Virtual Try-On with CatVTON and OpenVINO#
This Jupyter notebook can be launched after a local installation only.
Virtual try-on methods based on diffusion models achieve realistic try-on effects but replicate the backbone network as a ReferenceNet or leverage additional image encoders to process condition inputs, resulting in high training and inference costs. In this work, authors rethink the necessity of ReferenceNet and image encoders and innovate the interaction between garment and person, proposing CatVTON, a simple and efficient virtual try-on diffusion model. It facilitates the seamless transfer of in-shop or worn garments of arbitrary categories to target persons by simply concatenating them in spatial dimensions as inputs. The efficiency of the model is demonstrated in three aspects: 1. Lightweight network. Only the original diffusion modules are used, without additional network modules. The text encoder and cross attentions for text injection in the backbone are removed, further reducing the parameters by 167.02M. 2. Parameter-efficient training. We identified the try-on relevant modules through experiments and achieved high-quality try-on effects by training only 49.57M parameters (∼5.51% of the backbone network’s parameters). 3. Simplified inference. CatVTON eliminates all unnecessary conditions and preprocessing steps, including pose estimation, human parsing, and text input, requiring only garment reference, target person image, and mask for the virtual try-on process. Extensive experiments demonstrate that CatVTON achieves superior qualitative and quantitative results with fewer prerequisites and trainable parameters than baseline methods. Furthermore, CatVTON shows good generalization in in-the-wild scenarios despite using open-source datasets with only 73K samples.
Teaser image from CatVTON GitHub
In this tutorial we consider how to convert and run this model using OpenVINO. An additional part demonstrates how to run optimization with NNCF to speed up pipeline.
Table of contents:
Installation Instructions#
This is a self-contained example that relies solely on its own code.
We recommend running the notebook in a virtual environment.
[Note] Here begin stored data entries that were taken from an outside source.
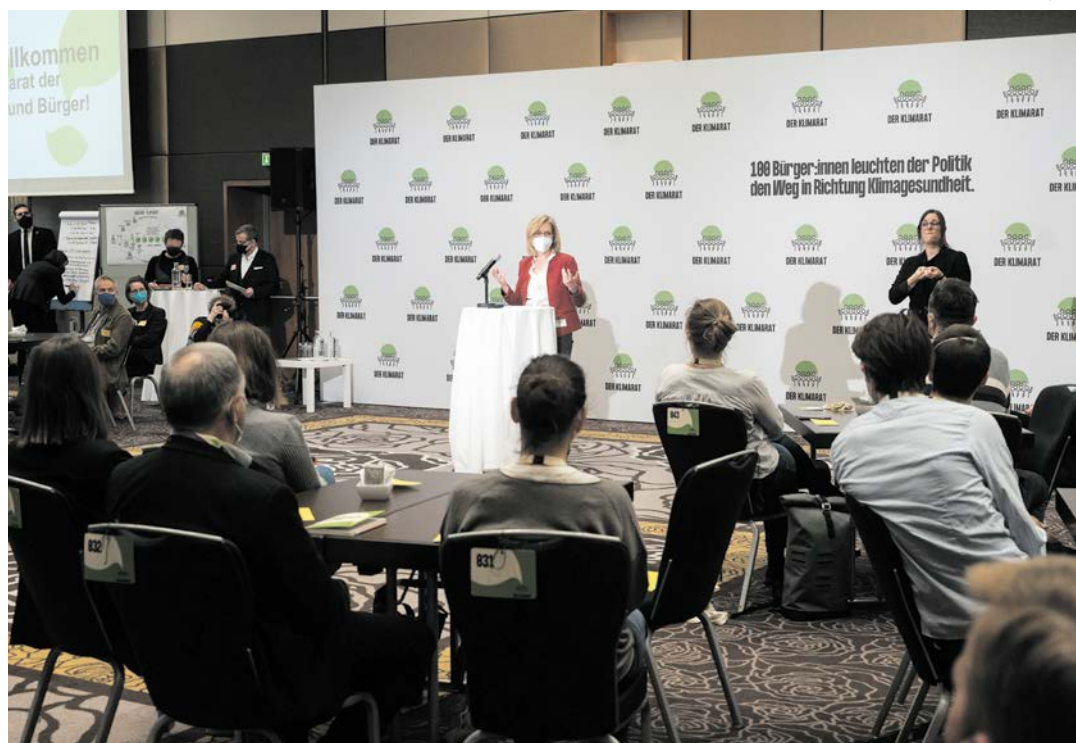
Klimaschutzministerin Leonore Gewessler spricht zu m Bürgerrat.
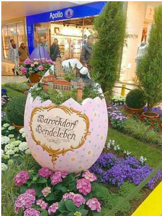
Knut Hoffmann Bürgermeister

Für alle Interessierten können die verschiedenen Ostereier der Außenstandorte der BUGA 2021 noch bis Ostersonntag im Erdgeschoss des ThüringenParks Erfurt angesehen werden.
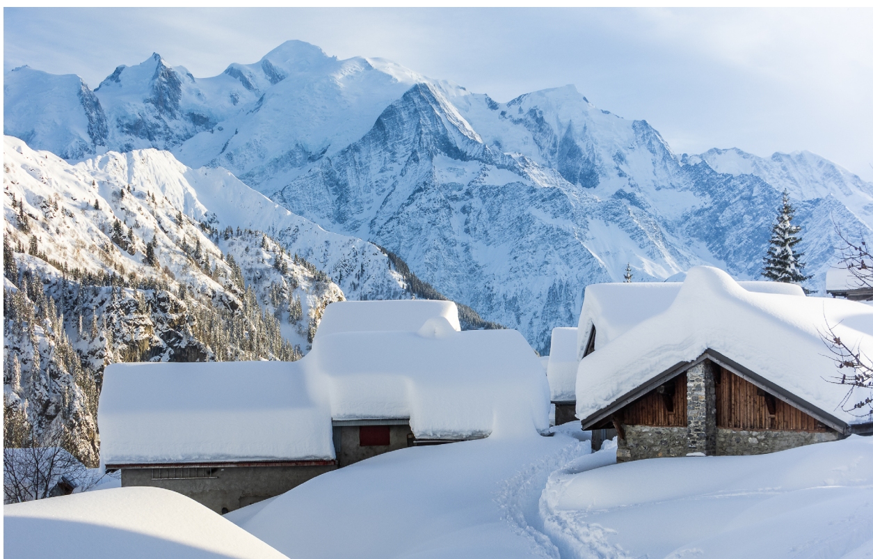
Passy Mont-Blanc

La Haute-Savoie confirme son attractivité avec une saison hiver 2025-2026 marquée par de très bons niveaux de fréquentation, une activité bien répartie dans le temps et une dynamique positive sur l'ensemble des territoires de montagne.
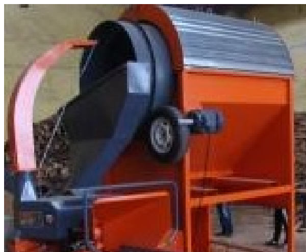
Рис. 3. Калібровочне барабанне сито SB 1025 [8].

Для рівномірної подачі тріски на вторинний подрібнювач лінія обладнана бункером-дозатором, звідки через завантажувальний шнек з приводом від електродвигуна потужністю 2,2 кВт матеріал подається безпосередньо до вторинного подрібнювача.

You only need a Jupyter server to start. For details, please refer to Installation Guide.
Prerequisites#
import platform
if platform.system() == "Darwin":
%pip install -q "numpy<2.0.0"
%pip install -q "openvino>=2024.4" "nncf>=2.13.0"
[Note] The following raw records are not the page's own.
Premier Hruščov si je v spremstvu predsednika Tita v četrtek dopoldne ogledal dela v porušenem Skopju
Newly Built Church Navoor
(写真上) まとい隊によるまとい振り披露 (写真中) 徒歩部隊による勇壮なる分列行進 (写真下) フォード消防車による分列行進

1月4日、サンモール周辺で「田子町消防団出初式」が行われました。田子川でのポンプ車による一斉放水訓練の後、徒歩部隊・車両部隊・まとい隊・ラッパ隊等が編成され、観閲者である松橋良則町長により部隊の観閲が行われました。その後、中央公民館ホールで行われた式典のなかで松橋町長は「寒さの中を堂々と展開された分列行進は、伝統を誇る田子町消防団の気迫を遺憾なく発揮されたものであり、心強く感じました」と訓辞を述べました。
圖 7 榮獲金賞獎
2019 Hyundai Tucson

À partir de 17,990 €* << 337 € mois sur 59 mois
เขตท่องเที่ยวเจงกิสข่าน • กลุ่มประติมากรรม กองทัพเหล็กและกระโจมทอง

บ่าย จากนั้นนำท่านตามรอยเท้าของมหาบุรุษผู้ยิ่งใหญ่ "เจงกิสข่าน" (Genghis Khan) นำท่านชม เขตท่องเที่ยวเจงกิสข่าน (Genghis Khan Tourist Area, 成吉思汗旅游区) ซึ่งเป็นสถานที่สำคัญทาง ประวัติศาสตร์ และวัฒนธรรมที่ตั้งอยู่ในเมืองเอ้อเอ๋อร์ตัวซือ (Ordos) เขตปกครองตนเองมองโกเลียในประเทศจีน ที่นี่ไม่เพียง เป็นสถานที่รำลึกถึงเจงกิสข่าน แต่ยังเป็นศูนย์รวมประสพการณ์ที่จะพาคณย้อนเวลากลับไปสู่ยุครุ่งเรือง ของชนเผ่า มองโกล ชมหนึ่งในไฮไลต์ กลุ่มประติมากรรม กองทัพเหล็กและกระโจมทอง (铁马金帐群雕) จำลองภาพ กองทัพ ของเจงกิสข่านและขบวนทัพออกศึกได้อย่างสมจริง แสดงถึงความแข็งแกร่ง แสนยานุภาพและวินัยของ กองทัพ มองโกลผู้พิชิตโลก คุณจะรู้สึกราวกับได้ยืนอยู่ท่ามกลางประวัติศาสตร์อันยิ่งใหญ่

%pip install -q "torch>=2.1" "diffusers>=0.29.1" torchvision opencv_python --extra-index-url https://download.pytorch.org/whl/cpu
%pip install -q fvcore "pillow" "tqdm" "gradio>=4.36" "omegaconf==2.4.0.dev3" av pycocotools cloudpickle scipy accelerate "transformers>=4.27.3"
import requests
r = requests.get(
url="https://raw.githubusercontent.com/openvinotoolkit/openvino_notebooks/latest/utils/notebook_utils.py",
)
open("notebook_utils.py", "w").write(r.text)
r = requests.get(
url="https://raw.githubusercontent.com/openvinotoolkit/openvino_notebooks/latest/utils/cmd_helper.py",
)
open("cmd_helper.py", "w").write(r.text)
from cmd_helper import clone_repo
clone_repo("https://github.com/Zheng-Chong/CatVTON.git", "3b795364a4d2f3b5adb365f39cdea376d20bc53c")
Convert the model to OpenVINO IR#
OpenVINO supports PyTorch models via conversion to OpenVINO Intermediate
Representation (IR). OpenVINO model conversion
API
should be used for these purposes. ov.convert_model
function accepts
original PyTorch model instance and example input for tracing and
returns ov.Model
representing this model in OpenVINO framework.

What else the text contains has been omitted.